Have you ever had one of those experiences where something is so uncanny, so perfect, so appropriate that you just know that there’s something or someone behind it? That’s the experience I’ve had with this text this week. This text is the perfect story for this, my last Sunday here with you before leaving for a year as a missionary in Egypt. I know we’ve all heard this story a million times before and we’re always being told that it’s about taking risks to follow Jesus, or making a leap of faith, or stepping out of our comfort zone. But I have something just a little bit different in mind this week.
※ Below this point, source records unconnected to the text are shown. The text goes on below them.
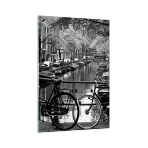 Quadro su vetro - Canale con biciclette in fotografia in bianco e nero - 80x120cm - Vista molto olandese - Decorazione murale moderna per soggiorno e camera da letto ARTTOR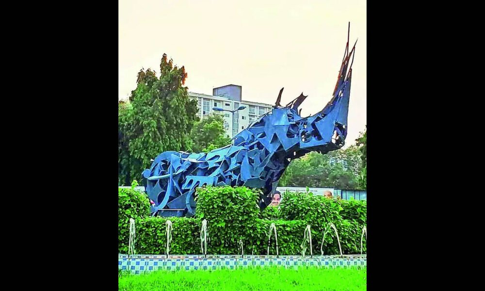 Artists demand re-installation of iconic rhino sculpture at Genda Circle in Vadodara | Vadodara News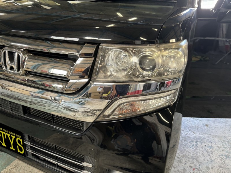 HONDA NBOXのヘッドライト磨きを施工したので投稿致します。m(_ _)m

Some of you may remember that about four months ago Jason and I took a trip to Louisville, Kentucky, to participate in a long weekend retreat for potential Young Adult Volunteers. During this weekend about 50 young adults between the ages of 19 and 30 came together to study, pray, and explore whether a year of mission work was for them, and if so where they were called to go. There were people who’d just graduated from college or who were about to, people who were planning to go to seminary when they came back, people who were looking for a change, people who were interested in doing something good while they figure out what to do with their lives, and all kinds of other motives and interests and backgrounds and gifts. There were site directors of a dozen countries and US sites—from Hollywood to India to Kenya to Thailand to Guatemala and everywhere in between. It was really a chance for us to just get our feet wet in the program—to meet people, find out information, and be in community for a short while with other people we might be living with later in the year. All weekend we talked, we listened, we met and chatted and ate and prayed. We worshipped twice a day, and the text we used for each of those 6 services was this very text—the story of Peter walking on the water. We heard this story 6 times, we heard it preached on 6 times, we heard what felt like every aspect of the story—from the part where Jesus takes some time out to pray and rest even though there’s a ton of work to do, to the part where Jesus walks on the water, to the part where Peter walks on the water, to the part where Peter sinks and Jesus apparently rebukes him, to the part where all the disciples worship Jesus because they finally figure it out just at the last minute. I feel like I have heard every sermon on this text that I might ever preach, and all in one weekend. When we weren’t in worship, we were often talking about this story and what we were thinking or feeling about it. The entire discernment weekend was saturated with this story of Jesus, Peter, and the other disciples and their modes of travel. So when it appeared in the lectionary for the Sunday I was scheduled to preach my last sermon before heading off to actually be a young adult volunteer, I found the coincidence too much to bear. Except, of course, I don’t believe in coincidence, so it must be providence. Clearly there is a reason that I’m supposed to bring this story to you all this morning.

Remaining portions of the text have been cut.